Велико наше звание и труден подвиг! Всё должны оживить мы! Наш дух вписать в историю ума человеческого, как имя наше вписано на скрижалях победы. Другая, высшая победа — победа науки, искусства и веры — ожидает нас на развалинах дряхлой Европы. Увы! может быть, не нашему поколению принадлежит это великое дело! Мы ещё слишком близки к зрелищу, которое было пред нашими глазами!.. Мы ещё надеялись, мы ещё ожидали прекрасного от Европы! На нашей одежде ещё остались знаки праха, ею возмущённого. Мы ещё разделяем её страдания! Мы ещё не уединились в свою самобытность. Мы струна не настроенная — мы ещё не поняли того звука, который мы должны занимать во всеобщей гармонии. Все эти страдания — удел века или удел человечества? мы ещё не знаем! Несчастные, мы даже готовы верить, что таков удел человечества! Страшная, ледяная мысль! она преследует нас, она проникла в кровь нашу, она растёт, она мужает вместе с нами! мы заражены! один гроб исцелит нашу заразу. <…>
Девятнадцатый век принадлежит России!»

  •  

— Фразы и фразы, вот и всё! — произнёс Виктор диктаторским тоном.
— Согласен, что фразы, — отвечал Фауст, — но мои покойники жили в веке фраз, — тогда не говорили иначе; нынче те же фразы, только с претензией на краткость, на сжатость; сделались ли они оттого яснее? — Бог знает. Со времени Бентама фразы мало-помалу всё сжимались и наконец обратились в одну гласную букву: я. Что может быть короче? но едва ли фраза в этом виде сделалась яснее десятка бентамовых томов, где она выражена на каждой странице длинными периодами.
Виктор. <…> В самом деле что ли Запад погибает? что за вздор! Напротив, когда, в какую эпоху он был так богат силами и средствами жизни, как в нынешнюю? Всё в нём движется: железные дороги пересекают его из края в край; промышленность дошла до чудесного; война сделалась невозможностию; личная безопасность ограждена; школы размножаются; тюрьмы смягчаются; науки идут исполинскими шагами; съезды учёных делают малейшее открытие достоянием всей Европы; а сила, вещественная сила такова, что весь мир преклоняется пред Западом. Где же признаки падения, погибели?

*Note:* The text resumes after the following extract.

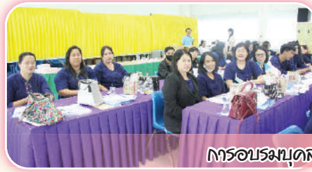
การอบรมบุคลากรทางการศึกษา

Фауст. Я бы на это мог тебе отвечать словами натуралистов, политиков, медиков — о том, что высшее развитие сил какого бы то ни была организма есть начало его конца; но я лучше хочу согласиться с тобою, что мнение моих друзей о Западе преувеличено; я собственно не вижу в нём признака близкого падения, но потому только, что не вижу и того высшего развития сил, о котором ты говоришь; подождём аэростата — и тогда увидим. Касательно оценки текущего времени я буду несколько невежливее моих друзей; они характер настоящей эпохи назвали синкретизмом, я осмелюсь сказать, что её характер просто — ложь, какой ещё не бывало в прежней истории мира. <…>
Ложь столькими покровами охватывает его с первой минуты рождения, что борьба с нею поглощает все его силы. Эти покровы кровяными жилами приросли к человеческому организму. Часто, с плачем и воплем срывая их с своей внутренности, после долгих, неизмеримых страданий, истомлённый, обессиленный — думаешь, что достигнул до сердцевины души своей, — ничего не бывало! там новый покров, кровавый, безобразный, пятнающий чистоту воли, и… снова начинается та же работа.

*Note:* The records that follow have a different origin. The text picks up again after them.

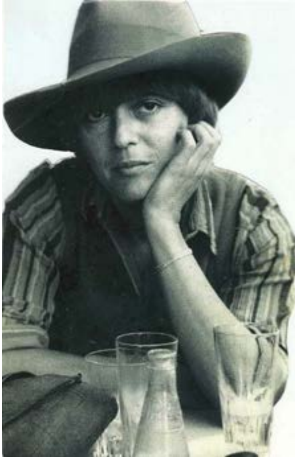
Monique Wittig (Escritora francesa y teórica feminista)
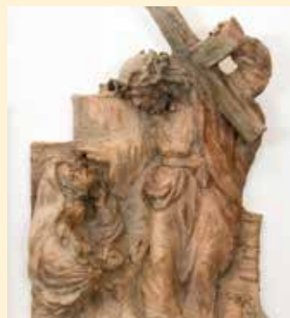
8. Station: Jesus begegnet den weinenden Frauen
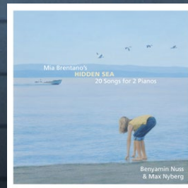
Mons Records (CD) • Ries & Erler (Sheet Music)

On the annual “Want List” of Fanfare Magazine

<…> всегда человек обманывал себя и обманывал других, но лишь в наше время он достигнул до такого совершенства, что желает быть обманутым.

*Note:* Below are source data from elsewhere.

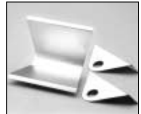
L4.83225.E Reflector, compl. Flood Reflektor, kpl. Flood
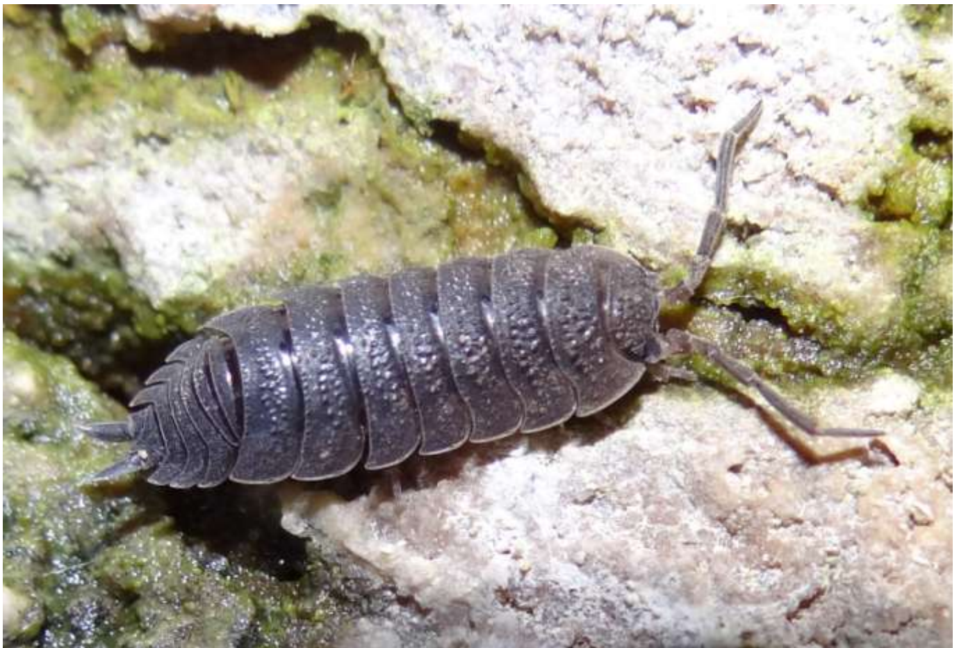
Porcellio scaber – Cloporte rugueux - Porcellion rude Classe des Crustacea - Ordre : Isopoda - Porcellionidae (24.04.2015)
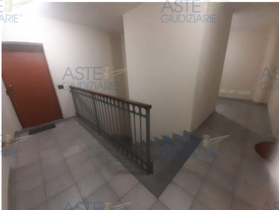
Vista corridoio comune in piano secondo di accesso alla U.I.U

Виктор. В наше время? Напротив! Когда, в какую эпоху действительность, очевидность, правда были в таком ходу, как ныне? Уж теперь ничего не выиграешь поверхностными соображениями, аналогиями, приблизительными наблюдениями: ныне требуют точности, цифр, фактов — они одни обращают на себя внимание…
Фауст. То есть, соскучив толковать, как бы поправить своё зрение и вычистить очки, — больные оттолкнули от себя это досадное, беспокойное подозрение и без околичностей решили, что их зрение совершенно здорово и очки совершенно чисты <…>.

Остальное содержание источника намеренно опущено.